What is less known is that in 1971 the Tropical Products Institute of Great Britain sent a representative to Belize to study the feasibility of a cohune oil industry, given the world shortage at the time and that Belize was a net importer of cooking oil. The Institute's feasibility study found a "cohune-based oil
industry feasible" for the purpose of benefitting Belizeans. But for export it was recommended that no more work should be
done and the GOB should not lease or otherwise convey land to companies or
issue licenses for the exploitation of the cohune. In the 1980s we did have a widely-publicized cohune plantation near Belmopan.
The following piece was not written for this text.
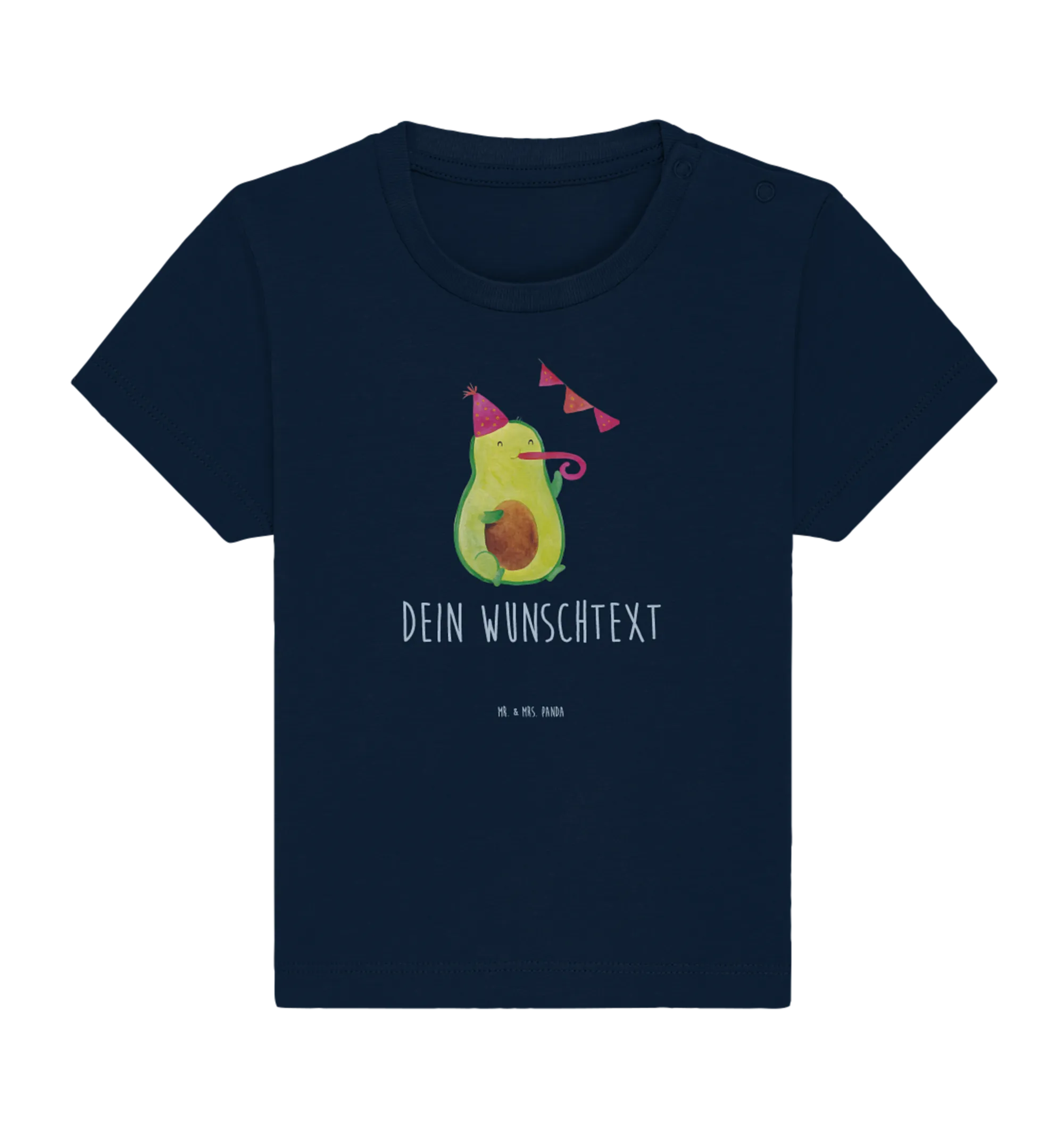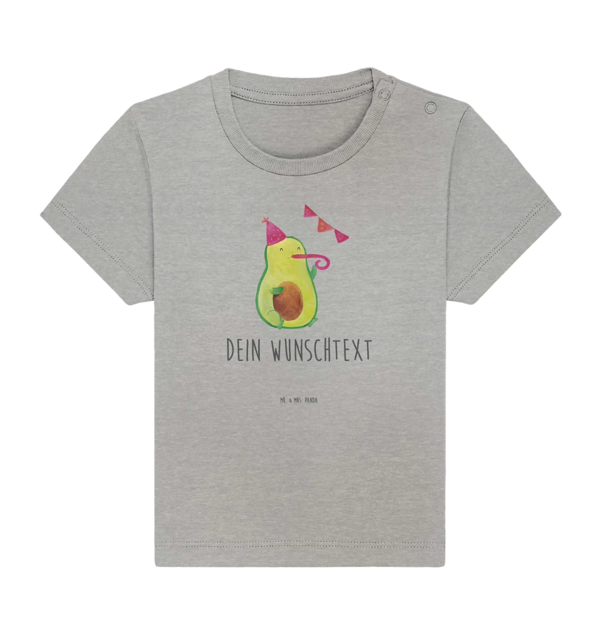 Entdecke das personalisierte Baby T-Shirt mit dem süßen Avocado Party Motiv von Mr. & Mrs. Panda! Dieses einzigartige Shirt ist wie gemacht für die kleinen Feinschmecker und bringt in jede Feier eine Portion gute Laune.

Not sure if it was ever explored in Toledo again.
Cornelius Patrick “Pat” Cacho:
The three more significant of the Corporate concerns that established agricultural enterprises in the period up to the begin-ning of World War II are (a) the United Fruit Company which produced bananas in the Stann Creek Valley and bought and marketed bananas produced by other growers in the Stann Creek and Toledo districts; (b) the Tropical Oil Products Company which started a Cohune operation in the Toledo District and (c) the Empire Starch Products Ltd. which produced cassava and established a plant to produce starch for export. All three enterprises were afterwards abandoned, the banana mainly because of Panama Disease, the Cohune because of the depression in 1930 and of technical difficulties of cracking the nut, and the cassava because of unexpected low yields and the unreliability of local producers who were to supply the factory, resulting in insufficient throughput and consequent under-utilisation of the plant.
Maxi Caal:
Cohune nuts make good firewood! If they ever need cohune nuts, we have them abundantly in Toledo. This is hard work, the hauling — must have been backbreaking.
Marty Casado: Very tough to crack. Heat them and then they crack a little easier.